= Becky Want =

English broadcaster (born 1964)

Becky Want (born 1964/5) is an English radio and television broadcaster from Manchester who presents The Late Show on BBC Local Radio.

==Broadcasting ==
Want was a host of Radio Wishing Well at Trafford General Hospital. She worked at Signal Radio in Stoke-on-Trent, initially as a secretary before presenting, and Piccadilly Radio and Key 103 in Manchester, hosting Picadilly's early breakfast show, before becoming a presenter on Granada Breeze on weekday afternoons, staying until it closed in 2002.

Want presented Granada Reports and the arts programme 'What's New' with Tony Wilson.

Six months after the closure of Granada Breeze, Want landed a presenting job at BBC Radio Manchester, presenting in the afternoon. Her time slot was extended in 2008. Over the COVID-19 pandemic she hosted the flagship breakfast show for 18 months until September 2021, when she returned to the afternoon. At BBC Radio Manchester, she wore a fat suit in February 2010 as a study of perceptions of obesity.

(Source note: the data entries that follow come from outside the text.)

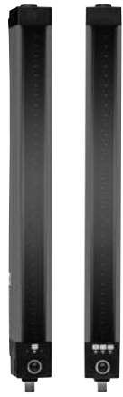
XUSLB and XUSLD Light Curtain

XUSL Type 4 light curtains provide point of operation protection for large areas without the need for gates or guards. They allow excellent visibility of the machine or process and free access to the machine while providing protection for personnel. Light curtains are made up of an array of infrared light beams to form a protected area. Whenever one or more of the light beams is broken, the light curtain sends a stop signal to the machine safety control circuit.
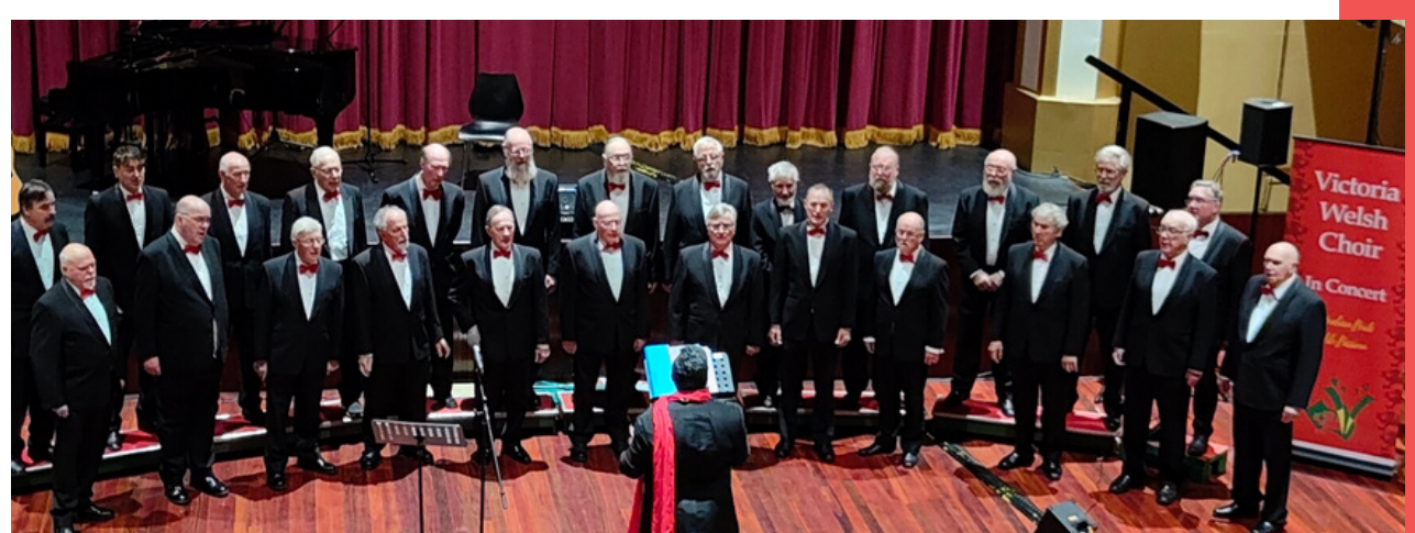
Regent Theatre Yarram.
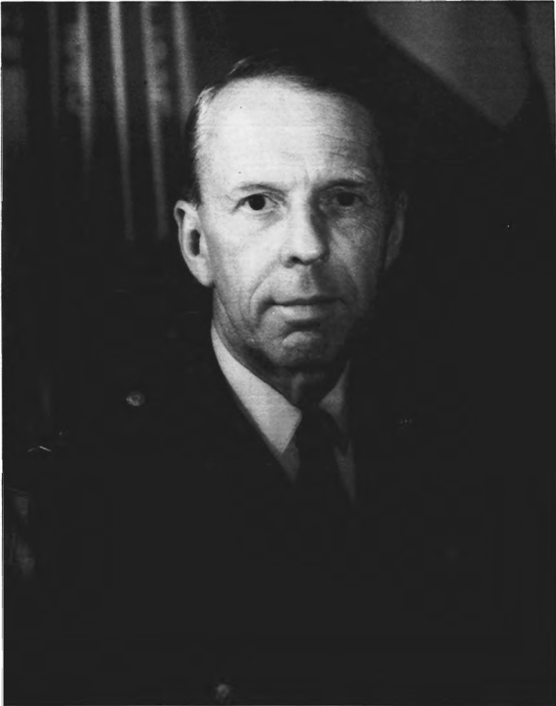
General William E. DePuy
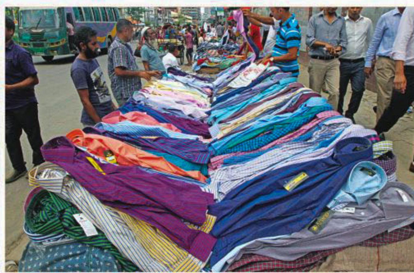
Life is back to normal in the capital, as Dhaka once again sees traffic congestion yesterday afternoon with people heading home after work (left), while many are still on their way back after enjoying Eid with their families at their village homes (top right), whereas it is business as usual for the vendors who occupy the city footpaths and streets hoping to attract customers. The photos were taken from the capital's Farmgate area, Kawkhali Launch Terminal in Pirojpur and the capital's Motijheel area.
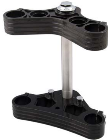
39mm Tripel Tree Black
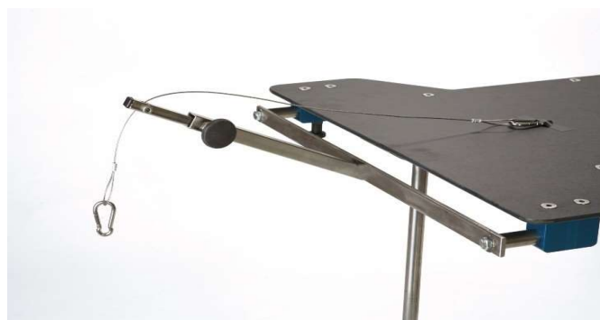
Horizontal Traction Tower, 18 Inches, Solid Stainless Steel Construction

Adapts Easily to End of Arm Table, 3/4" Outside Diameter Square
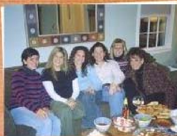
Girls night out for my friend's birthday.
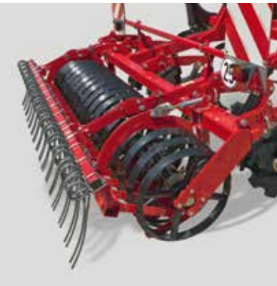
Optional: harrow behind the packer
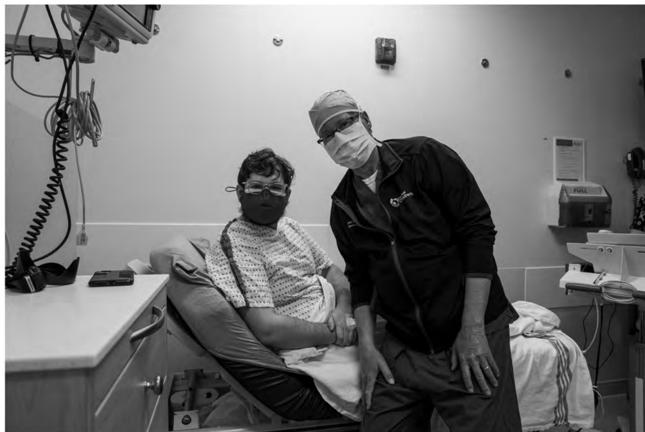
I've been seeing the same doctor since I was 3 years old. He's been one of the most constant things in my life.
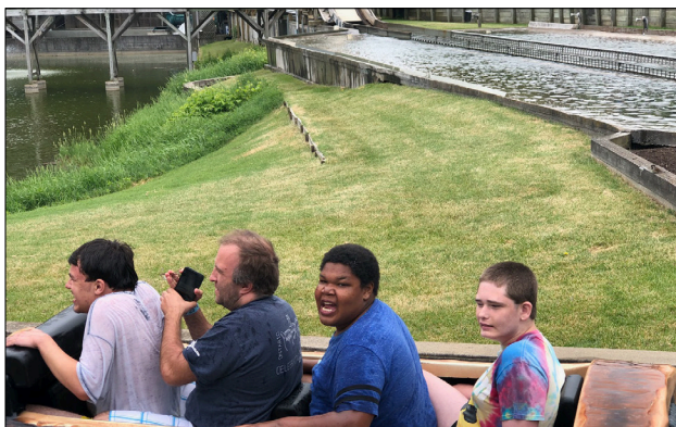
Happiness House IRA friends enjoy a day at Seabreeze Amusement Park
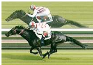
Voix du Nord
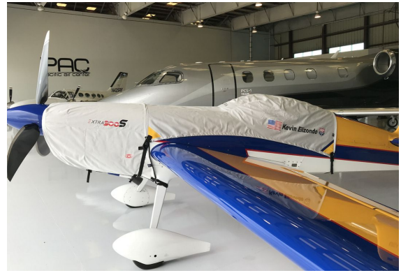
Extra 300S Canopy & Engine Covers
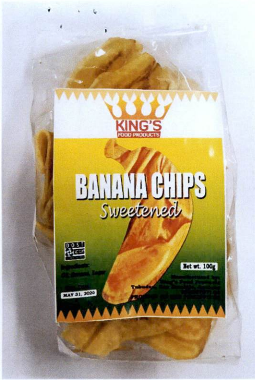
Figure 2. Unregistered KING'S FOOD PRODUCTS Sweetened Banana Chips
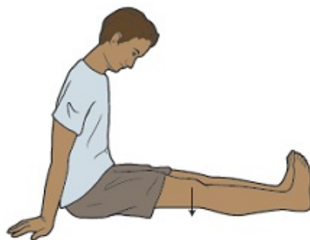
Figure 3. Quadriceps sets
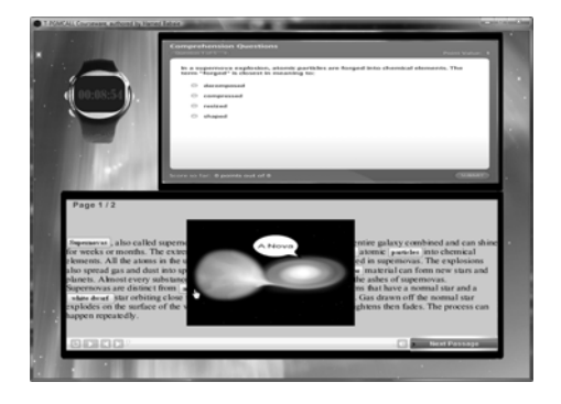
In Picto-Textual-Gloss Multimedia Courseware, both the pictorial and textual definitions were presented to the subjects.
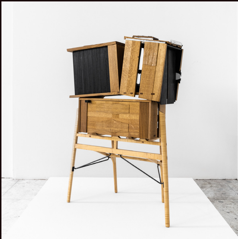
Littoral Chances I. 2017. European Oak, bog Oak, Bird's Eye Maple, Ripple Sycamore, Cedar of Lebanon, Douglas Fir, vitreous enamel on mild steel panels, steel. 110cm x 76cm x 37cm. £17,000.
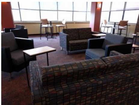
Reading room furniture, SUNY Morrisville Library
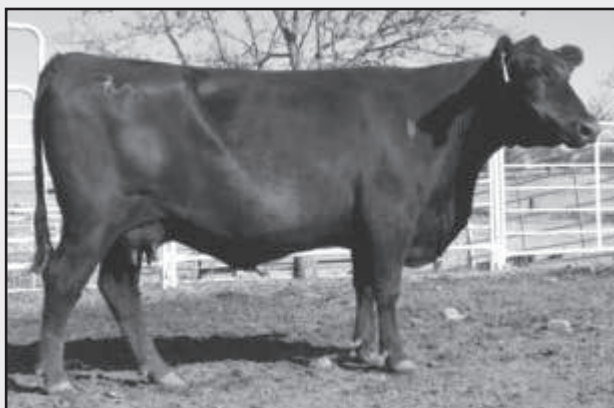
WR New Design 305 - Lot 7
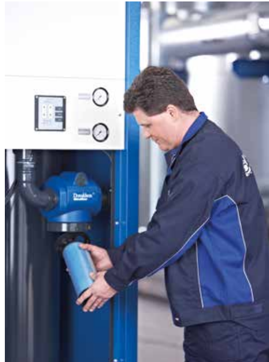
The Ultra-Filter Housing is easy to open in order to change the Filter Element

Donaldson provides services for all components of your compressed air system – the best selection of individual services or full service. Agreements comprising of different maintenance offerings tailored to fit your needs and requirements.
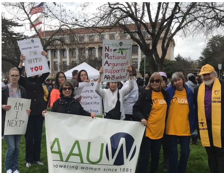
Stockton's March for Our Lives
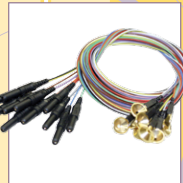
PSG/EEG Color Coded Electrodes
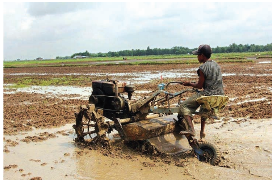
A farmer works in a field with a power tiller. Some 500,000 acres of farmland were affected in recent flooding.
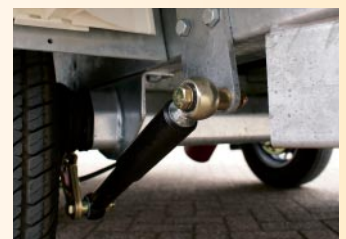
Axle shock absorber (optional)
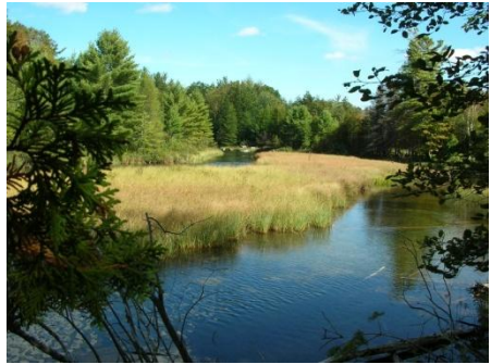
Crystal River from Dunn's Farm Rd.

Drive to Glen Arbor on M-109 until it connects up to M-22 again in town. Continue through town until you see the river on your right side. Turn right on Dunn's Farm Road and you will see glimpses of the river as it turns back on itself several times on it's way to Lake Michigan. The river drains water from Glen Lake following a tortuous path through the troughs between low sand ridges formed by the beaches of ancestral Lake Michigan as it receded.

On BBC television she has presented Inside Out for BBC North West.

Since October 2023 Want has presented the new all-England BBC Local Radio late evening show, The Late Show, Monday to Thursday, Jo Good presenting at the weekend.

She has made films for Morning Live.

==Charity work==
She is an ambassador for the Prince's Trust She ran the London Marathon in 2010 for Manchester's Christie Hospital and in 2011 she ran the Great Manchester Run for the same charity.

She took part in Comic Relief 2011 and was challenged to perform as a stand-up comedian at the 'Frog and Bucket' comedy club in Manchester. She is listed as a key supporter of the Moore Foundation.

==Personal life==
Want was born in Hyde or Stockport. Want's parents managed Suttons TV store in Marple, where she performed at The Carver Theatre as a child. She has a sister. She studied drama at Bristol University, with a supplementary subject of radio and television production, and starred in a Beryl Bainbridge production on BBC One. She originally met her partner at university and became engaged to him in 2017, marrying in Manchester that June. They live in Trafford.

She has a son from her previous marriage.

A man was given a suspended sentence for harassing Want in 2017.